The archive maintenance software was updated some time ago to include
Source-Version: pseudo-headers when closing bugs, which means that all
this works automatically. Furthermore, we've run a script over all
existing bugs that tries to guess correct found and fixed versions from
their history. This will certainly have made some mistakes, but it
should be a reasonable start.

The meaning of the distribution-specific tags (woody, sarge, and so on)
has changed. We now have a good mechanism to say "this bug has been
fixed since sarge was released", so there's no longer any need to have a
tag for that. However, it's still useful to have a tag to mark bugs that
you're planning to fix in, say, a stable point release. So, for
instance, the sarge tag now means "don't archive this bug until it has
been fixed in a version in sarge".

The fixed-in-experimental tag is now deprecated and will be disabled as
soon as it's practical to do so.

By default, pkgreport.cgi will show as open all bugs that have no
recorded fixed versions. This is more or less the same as its existing
behaviour, and is designed to ensure that bugs don't get lost in obscure
listings off to the side somewhere. If you supply a 'dist' or 'version'
CGI parameter, then it will display the bug as open if the version is
based on one in which the bug was found and not based on one in which it
was fixed. The "based on" part is determined by reading lists of
versions from package changelogs, and using those to build up a picture
of any branches in the package's development. For example, security
updates to stable are usually a branch.

This definition of "based on" has an interesting side-effect, namely
that the "fixed" tag is no longer needed for non-maintainer uploads.
NMUs simply close the bug, and if the next maintainer upload fails to
acknowledge the NMUs by incorporating their changelog entries then the
bugs will magically reopen themselves because the most recent version in
unstable doesn't contain the fix. Thus, it is very important to follow
what's been best practice up to now anyway and incorporate changelog
entries from NMUs. You may also wish to merge in changelog entries from
security updates at the appropriate point in your changelog when you
apply the same fix to unstable.

So, to wheel out some examples, a typical exchange might start off like
this, with a user filing a bug:

  From: reporter@example.com
  To: submit@bugs.debian.org
  Subject: hello says "goodbye"

  Package: hello
  Version: 2.1.1-1


The maintainer notes that this bug also occurred in an earlier version
of hello:

  From: hello@packages.debian.org
  To: control@bugs.debian.org
  Subject: add found version

  found 999999 1.3-16

The maintainer fixes the bug:

  From: hello@packages.debian.org
  To: 999999-done@bugs.debian.org
  Subject: fixed in new version of hello

  Package: hello
  Version: 2.1.1-2

  I have uploaded a new version of hello which fixes your bug. The
  changelog follows.

Now, http://bugs.debian.org/cgi-bin/pkgreport.cgi?pkg=hello&dist=stable
will show the bug, because stable contained 1.3-18; &dist=testing will
show it until such time as 2.1.1-2 is promoted to testing.
&dist=unstable, &version=2.1.1-2, and the default view, however, will

This is a new facility, and you will certainly notice some deficiencies.
Please bear with us as we polish this up, and report problems as bugs
against the bugs.debian.org pseudo-package. In particular, a few obvious
things remain to be done:

  * Bug expiry (archival) is currently disabled, since the system to
    archive bugs based on their distribution tags has not yet been
    written. I don't expect this to take too long to sort out.
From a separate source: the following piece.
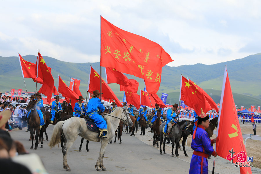 中国网讯 (记者 孙磊) 8月8日,2020年内蒙古自治区兴安盟那达慕在科右前旗乌兰毛都苏木民族体育综合训练基地盛大开幕。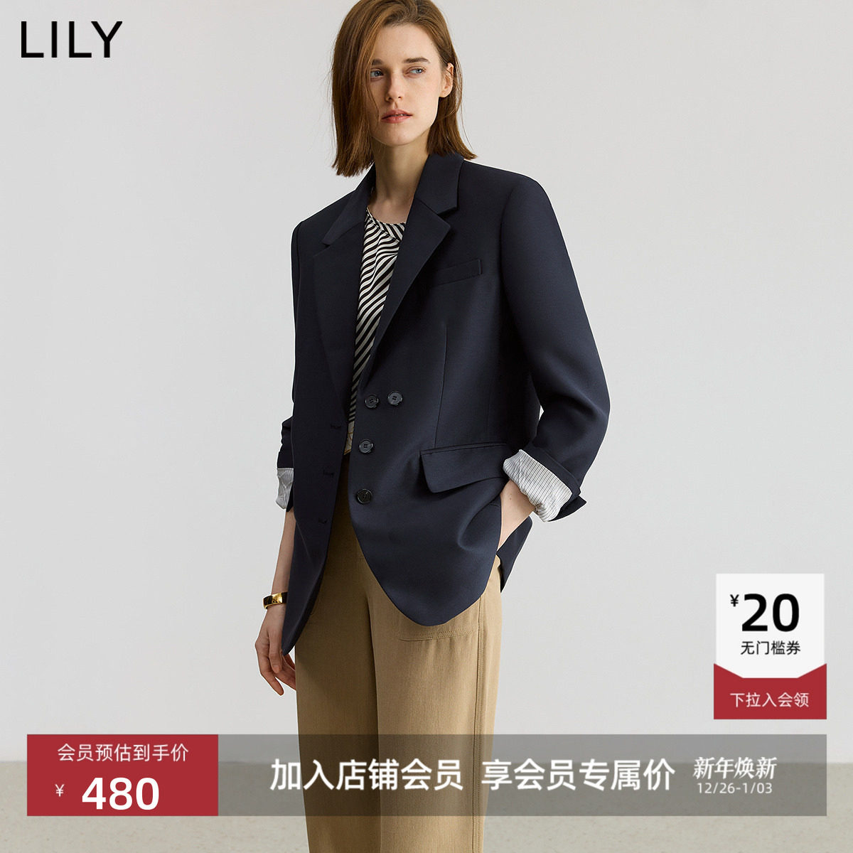 【商场同款】LILY2025新款经典都市正肩廓形休闲通勤西装外套女

  * NMU handling still needs a better user interface, although you can
    ask for bugs in specific versions of individual packages to work
    around this.

Thanks to Anthony Towns for a great deal of discussion and design work,
particularly at Debcamp 3 where we hashed out several details and a good
part of the implementation, and for the changelog-based specification of
"based on" which is crucial to making this all work. Thanks to James
Troup for adding the necessary hooks to katie.